Blogger Dionisoinascolto ha detto...

Caro Romanelli, mi meraviglia che lei, che ha anni di esperienza come critico musicale, se la senta di definire eccellenti tutti e quattro i solisti di questo Requiem: non era certo eccellente il tenore Casanova, che su alcune note più acute ha rischiato lo strozzamento o che in altre ha spezzato la frase per prendere fiato lì dove non era previsto. Quanto agli altri, sono risultati certamente bravi come cantanti, ma le sembrano voci verdiane da Requiem?

3:00 PM

 
Blogger Alessandro Romanelli ha detto...

A me le quattro voci sono piaciute.
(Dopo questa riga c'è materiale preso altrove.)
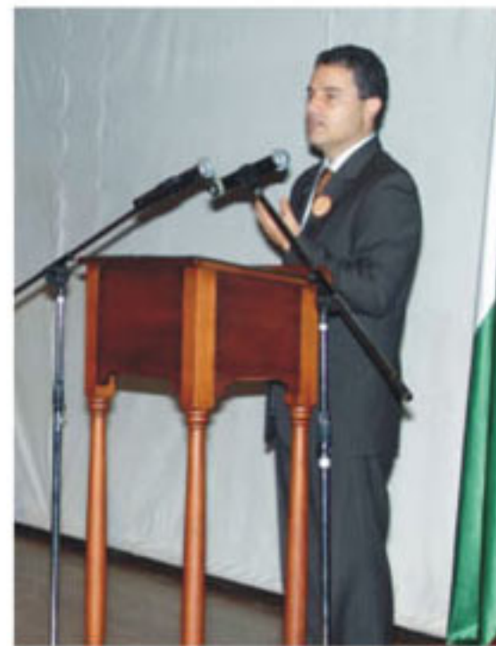
Anibal Gaviria Correa, Gobernador de Antioquia

Hoy, los afrocolombianos representan el 26,83% de la población, con cerca de 12 millones distribuidos en el 47,5 del territorio, quienes luchan por la igualdad y la no discriminación. Según datos del Dane, Conpes y Plan de Desarrollo de Comunidades Negras, su situación sigue siendo dramática, pues todavía hay formas de discriminación que se reflejan en sus indicadores socioeconómicos,
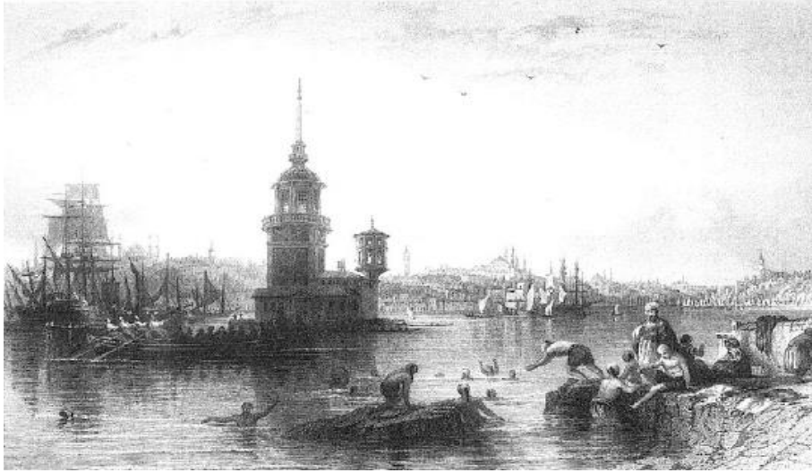
Resim 10: Kız Kulesi (Thomas Allom XIX. yy.)

Allom'a ait (Resim 10), Üsküdar tarafından çizilmiř olan gravürde Osmanlı tebaasının serinlemek için kayalık aktarılan alandan bođazın sularına girdiđi görülmektedir. Oldukça hareketli figürlere yer verilen gravürde yoğun bir deniz trafiđi göze çarpmaktadır. Deniz üzerinden resmedilen ve hemen hemen her gravürde rastladığımız cami silüetlerine bu gravürde de yan unsur olarak rastlıyoruz.
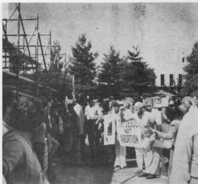
左側的婦女志願工作者排成一列，面對反墮胎者的咆哮，以便讓一位患者順利進入診所。
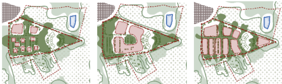
Scenarie A 'Satellitterne'

Det følgende er en kort præsentation af de tre scenarier. Læs Lytt Architectures præsentation af scenarierne i bilag 2.
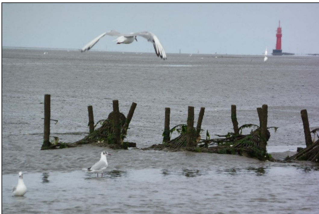
Photo 6 - Le banc de sable a bougé sous l'effet d'une tempête, le chenal tidal s'est décalé, le pêcheur a déplacé son territoire de pêche, abandonnant ses anciens engins, ensablés, au large de Wremen.
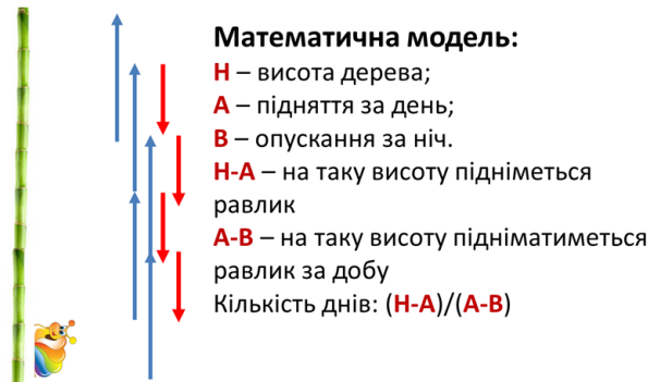
Рис. 7. Модель задачі

Як бачимо, за добу равлик піднімається на (a - b) метрів. Піднімаючись у якийсь із днів на a метрів, він досягне потрібної висоти h . Відповідно, равлик повинен пройти не менше, ніж (h - a) метрів, щоб наступного дня завершити процес підйому. Тому легко визначити кількість днів, коли він досягне висоти принаймні (h - a) метрів. Це буде значення, яке рівне
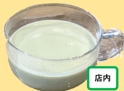
狭山茶ハニーミルクティー ¥380-
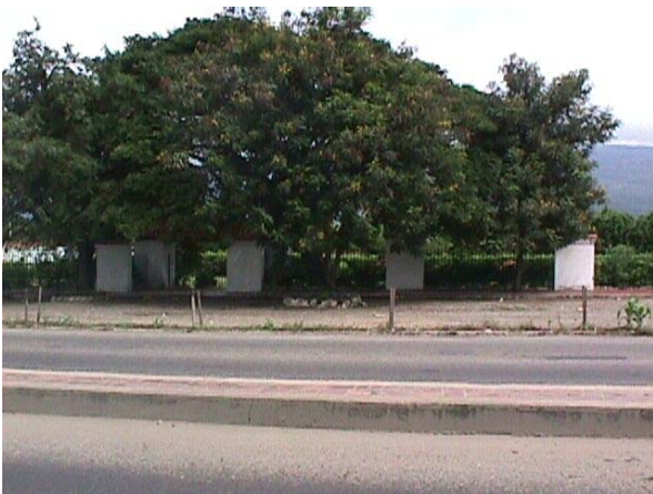
SITIO EL TAMARINDO
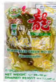
Senfsauerkohl eingelegt 芥末腌白菜 36×350 g
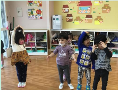
朝のお始まりがはっじまっるよ〜♪「トントン、ぴ！トントン、ぴ！」とビーマーチに合わせて並びます♪
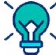
JUEGOS DE SIMULACIÓN

Superadas las limitaciones para actividades presenciales impuesta por la pandemia COVID-19, SEUP ha querido continuar desarrollando actividades científicas en formato digital . Consideramos que la educación en formato digital ha llegado para quedarse y complementar, no sustituir, a las actividades docentes presenciales. Nuestra intención es programar un seminario online con periodicidad semestral y un Encuentro Digital anual con un programa propuesto desde la Junta Directiva y los Grupos de Trabajo.

Io le ho ascoltate la prima sera. Probabile che Lei, caro "Dionisoinascolto", abbia ascoltato la replica. In ogni caso se proprio vogliamo parlare di autentiche voci verdiane dovremmo stendere un velo pietoso su (quasi) tutto il panorama vocale del nostro tempo. Dove sono più i Carlo Bergonzi, i Cappuccilli, i Renato Bruson, le Tebaldi...d'un tempo? Ci accontentiamo di quel che passa il convento (o meglio le agenzie). Eccellente poi non è come dire STRAORDINARIO o STREPITOSO. Grazie del commento e stia bene.